__Action item__: Transcribe, starting at the line with "Не переставая взбивать, добавить" and ending at the line with "バイクでも渡れる吊り橋の上で不意をつかれた表情のリン。", every line of the material below exactly, but leave out the pictures and anything outside that span.

__Source information__:
((

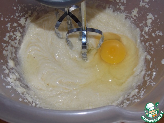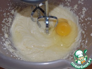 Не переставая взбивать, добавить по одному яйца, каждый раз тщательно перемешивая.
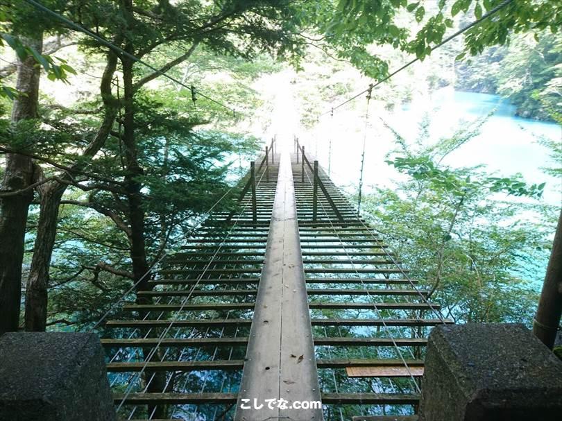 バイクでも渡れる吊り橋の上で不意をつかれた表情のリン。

))
((

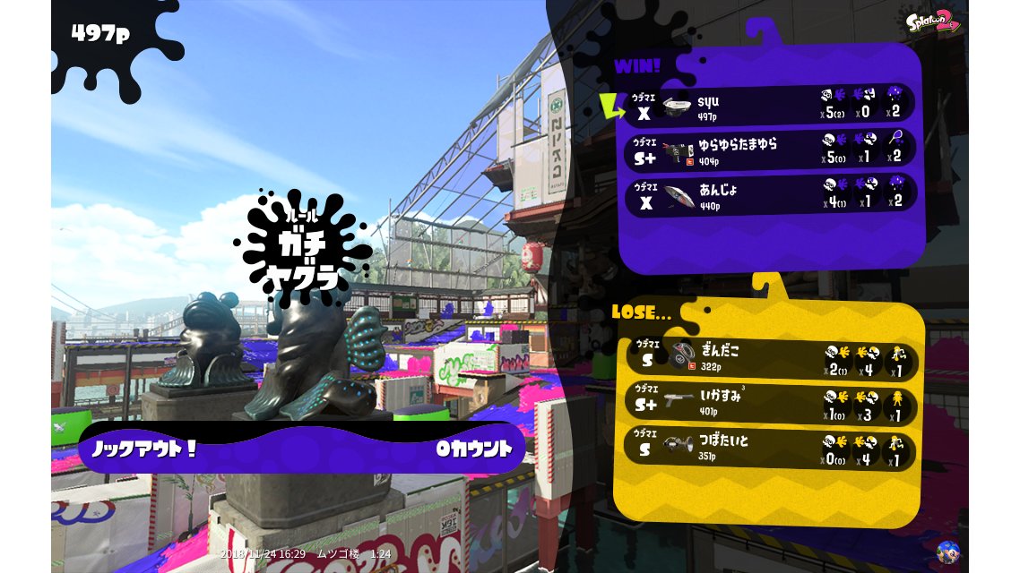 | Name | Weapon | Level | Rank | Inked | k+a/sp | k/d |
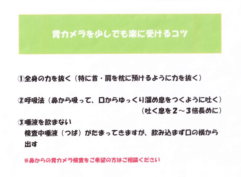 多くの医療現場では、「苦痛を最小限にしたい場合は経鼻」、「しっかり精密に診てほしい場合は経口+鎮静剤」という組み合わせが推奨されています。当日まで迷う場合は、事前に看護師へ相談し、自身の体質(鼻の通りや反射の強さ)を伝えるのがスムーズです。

))

__Exercise answer__:
 Не переставая взбивать, добавить по одному яйца, каждый раз тщательно перемешивая.
 バイクでも渡れる吊り橋の上で不意をつかれた表情のリン。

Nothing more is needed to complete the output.